(ABOUT THIS TASK): Using the entries below, copy exactly each line from the line with "Lot de 4 Casseroles" up to and including the line with "Textured Gray Frameless", with every picture left out.

(RECORDS FOR THIS TASK):
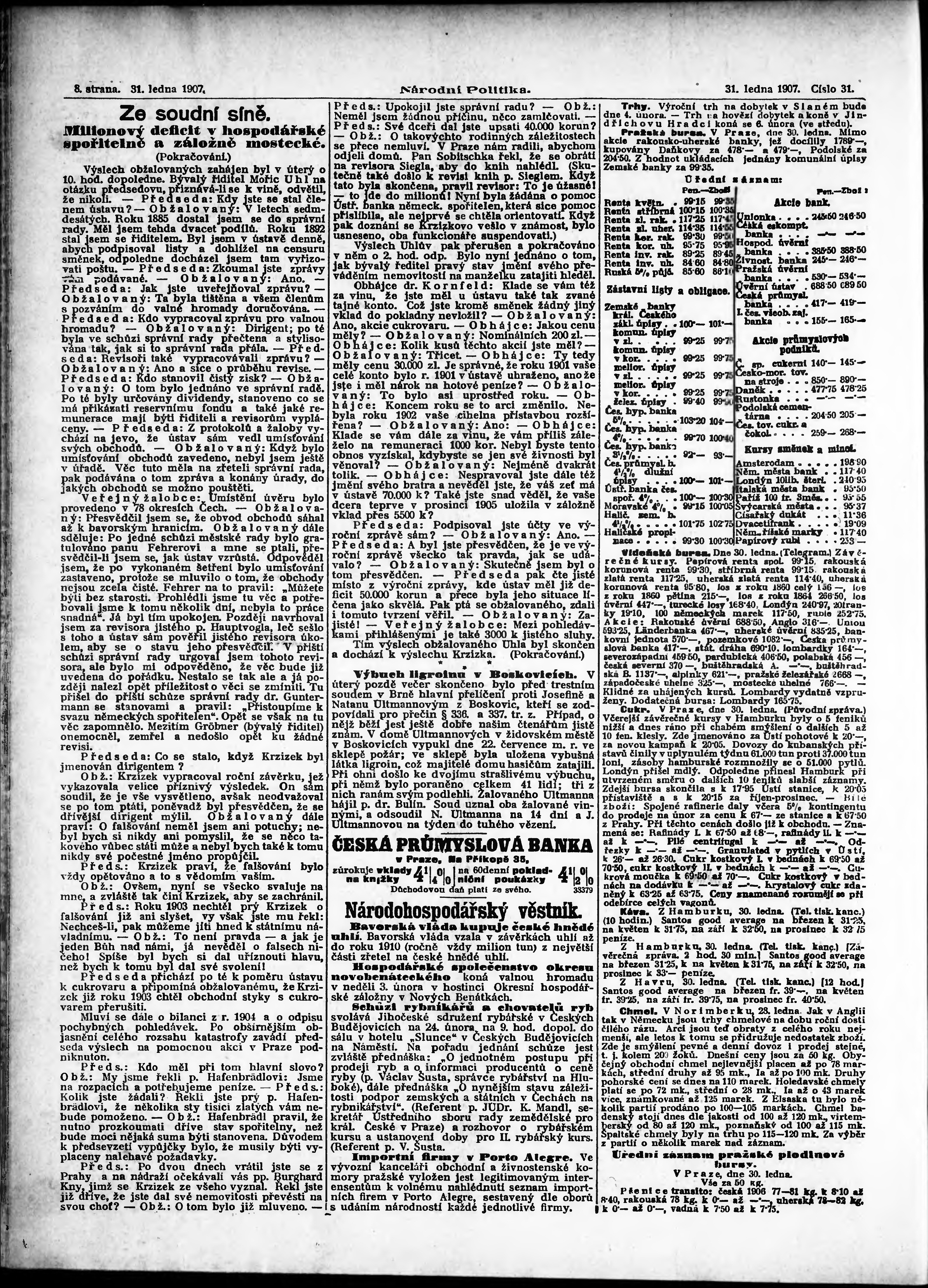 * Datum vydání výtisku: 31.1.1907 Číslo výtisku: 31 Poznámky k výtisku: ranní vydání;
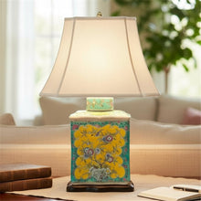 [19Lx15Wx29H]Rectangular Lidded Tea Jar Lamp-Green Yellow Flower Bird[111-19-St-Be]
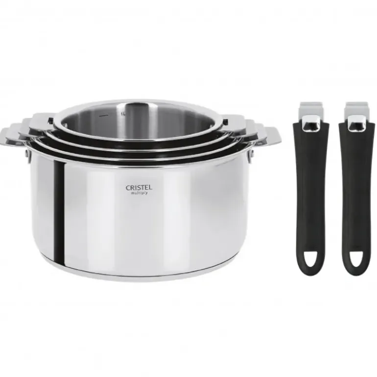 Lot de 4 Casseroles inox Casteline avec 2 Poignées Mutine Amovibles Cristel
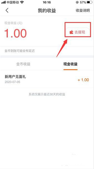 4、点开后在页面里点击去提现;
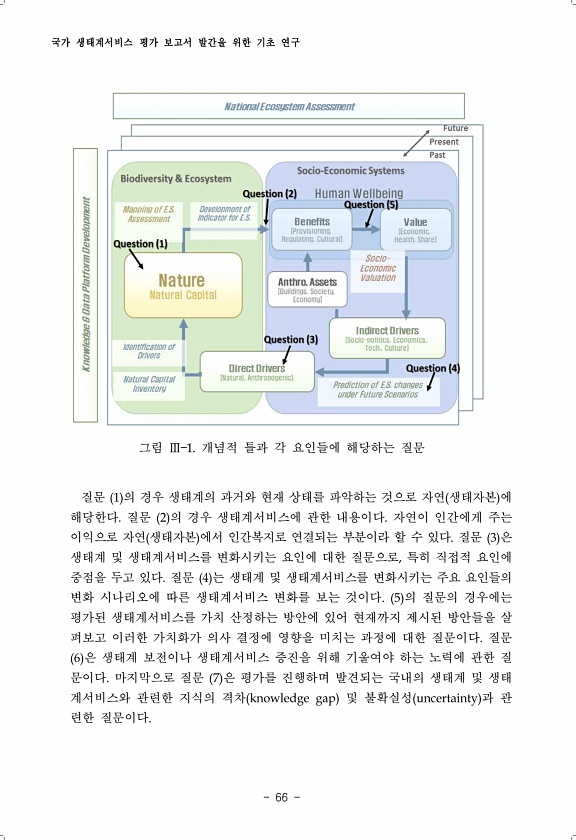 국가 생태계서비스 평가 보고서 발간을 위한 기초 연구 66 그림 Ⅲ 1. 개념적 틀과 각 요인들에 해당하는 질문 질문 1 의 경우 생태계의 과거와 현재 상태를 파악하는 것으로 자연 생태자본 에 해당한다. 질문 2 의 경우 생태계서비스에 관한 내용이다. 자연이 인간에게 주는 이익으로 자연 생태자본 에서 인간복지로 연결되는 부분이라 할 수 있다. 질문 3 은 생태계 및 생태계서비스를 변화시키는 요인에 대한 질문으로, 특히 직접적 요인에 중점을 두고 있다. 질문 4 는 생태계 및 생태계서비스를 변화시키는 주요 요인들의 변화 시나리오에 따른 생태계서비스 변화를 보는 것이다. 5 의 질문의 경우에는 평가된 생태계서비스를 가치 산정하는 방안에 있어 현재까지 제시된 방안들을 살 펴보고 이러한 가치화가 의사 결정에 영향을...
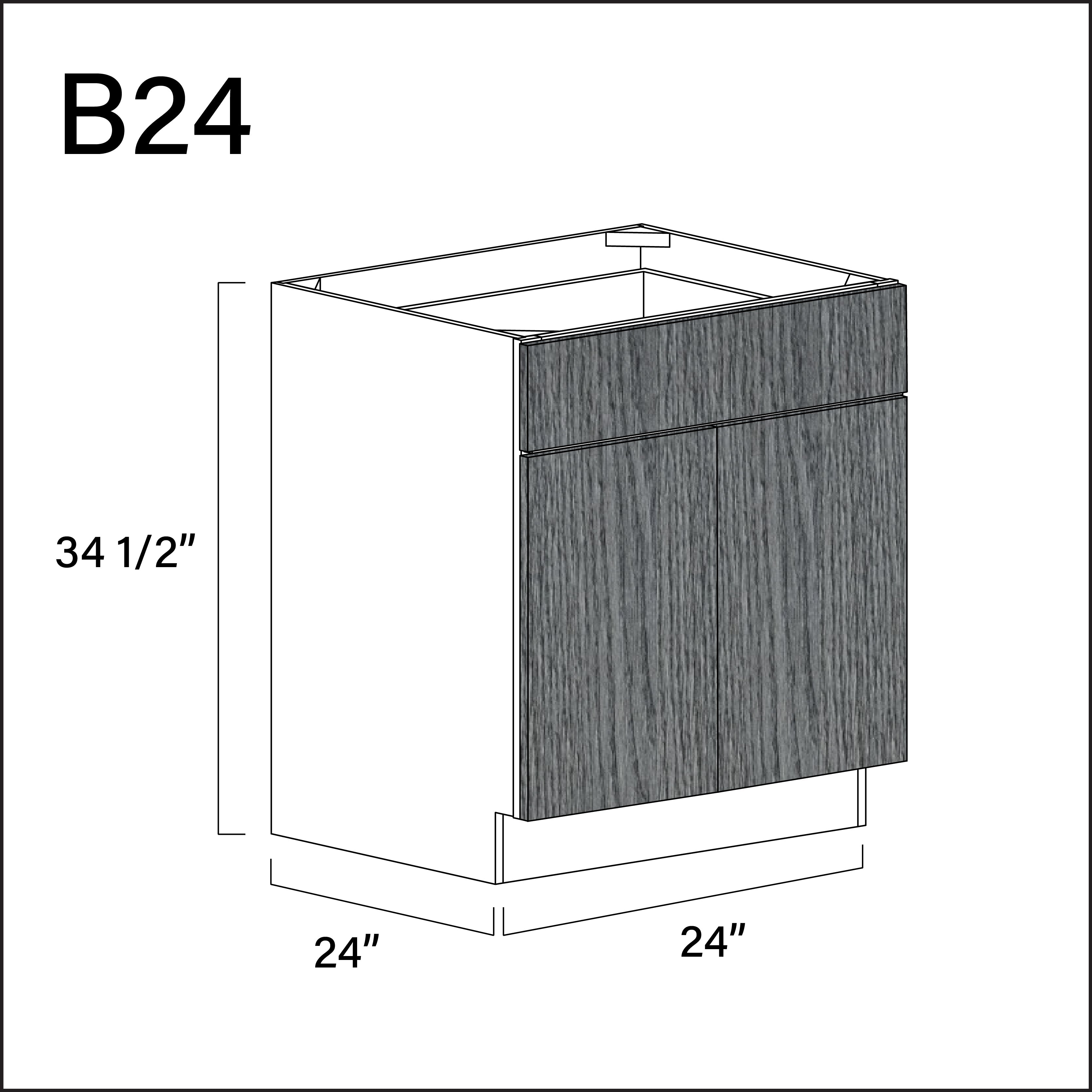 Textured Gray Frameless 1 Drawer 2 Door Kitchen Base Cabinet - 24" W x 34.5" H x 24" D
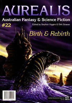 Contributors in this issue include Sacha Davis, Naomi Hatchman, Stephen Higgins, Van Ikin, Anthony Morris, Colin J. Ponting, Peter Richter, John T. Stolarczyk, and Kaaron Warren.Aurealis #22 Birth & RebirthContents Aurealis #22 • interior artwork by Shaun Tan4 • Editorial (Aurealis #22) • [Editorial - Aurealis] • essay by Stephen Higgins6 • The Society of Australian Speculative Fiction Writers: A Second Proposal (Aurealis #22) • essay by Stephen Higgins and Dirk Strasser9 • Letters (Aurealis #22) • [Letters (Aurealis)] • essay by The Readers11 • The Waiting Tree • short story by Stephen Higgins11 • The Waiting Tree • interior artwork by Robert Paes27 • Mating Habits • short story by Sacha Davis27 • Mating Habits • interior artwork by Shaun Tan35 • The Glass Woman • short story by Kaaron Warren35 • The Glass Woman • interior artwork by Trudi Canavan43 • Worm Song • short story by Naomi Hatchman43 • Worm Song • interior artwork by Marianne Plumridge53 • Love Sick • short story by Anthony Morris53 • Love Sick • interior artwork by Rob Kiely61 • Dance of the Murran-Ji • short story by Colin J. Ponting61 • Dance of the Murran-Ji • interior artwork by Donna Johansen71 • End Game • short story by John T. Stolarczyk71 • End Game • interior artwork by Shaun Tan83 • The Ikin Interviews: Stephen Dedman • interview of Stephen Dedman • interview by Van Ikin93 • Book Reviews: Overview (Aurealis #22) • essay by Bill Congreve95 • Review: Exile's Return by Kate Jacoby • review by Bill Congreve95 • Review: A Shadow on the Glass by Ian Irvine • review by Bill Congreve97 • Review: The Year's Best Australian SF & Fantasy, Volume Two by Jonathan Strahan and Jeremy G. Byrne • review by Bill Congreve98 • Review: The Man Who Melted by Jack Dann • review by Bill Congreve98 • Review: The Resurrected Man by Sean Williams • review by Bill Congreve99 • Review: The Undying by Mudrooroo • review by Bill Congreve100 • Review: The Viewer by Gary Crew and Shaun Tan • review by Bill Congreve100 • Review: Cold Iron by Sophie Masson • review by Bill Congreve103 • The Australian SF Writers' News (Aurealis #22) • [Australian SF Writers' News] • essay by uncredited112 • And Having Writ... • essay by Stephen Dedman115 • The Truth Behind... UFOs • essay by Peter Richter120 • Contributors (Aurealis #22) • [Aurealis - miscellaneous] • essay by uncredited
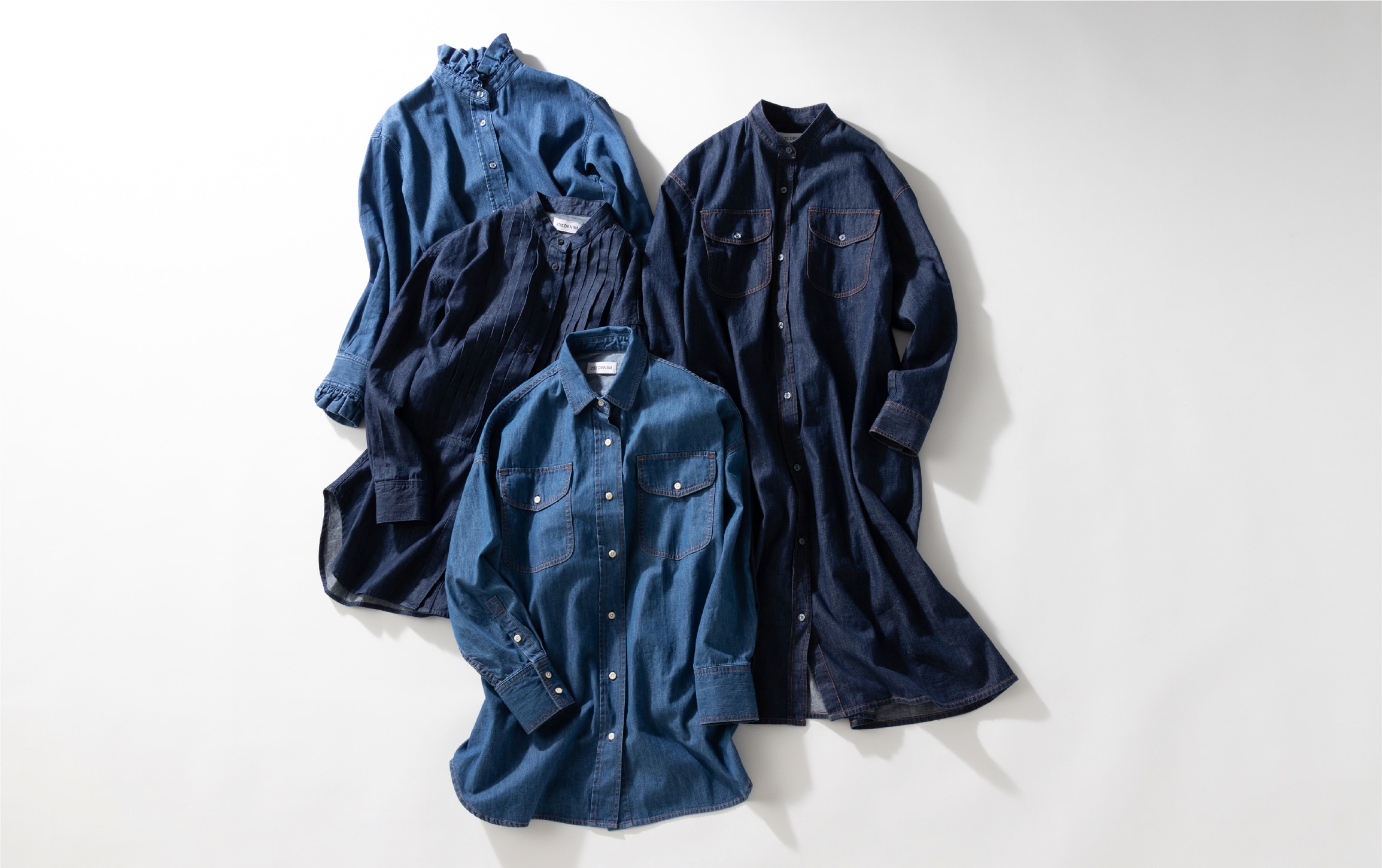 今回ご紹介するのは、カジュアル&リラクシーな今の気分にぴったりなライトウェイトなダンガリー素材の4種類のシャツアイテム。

(ANSWER FOR THIS EXERCISE):
 Lot de 4 Casseroles inox Casteline avec 2 Poignées Mutine Amovibles Cristel
 4、点开后在页面里点击去提现;
 국가 생태계서비스 평가 보고서 발간을 위한 기초 연구 66 그림 Ⅲ 1. 개념적 틀과 각 요인들에 해당하는 질문 질문 1 의 경우 생태계의 과거와 현재 상태를 파악하는 것으로 자연 생태자본 에 해당한다. 질문 2 의 경우 생태계서비스에 관한 내용이다. 자연이 인간에게 주는 이익으로 자연 생태자본 에서 인간복지로 연결되는 부분이라 할 수 있다. 질문 3 은 생태계 및 생태계서비스를 변화시키는 요인에 대한 질문으로, 특히 직접적 요인에 중점을 두고 있다. 질문 4 는 생태계 및 생태계서비스를 변화시키는 주요 요인들의 변화 시나리오에 따른 생태계서비스 변화를 보는 것이다. 5 의 질문의 경우에는 평가된 생태계서비스를 가치 산정하는 방안에 있어 현재까지 제시된 방안들을 살 펴보고 이러한 가치화가 의사 결정에 영향을...
 Textured Gray Frameless 1 Drawer 2 Door Kitchen Base Cabinet - 24" W x 34.5" H x 24" D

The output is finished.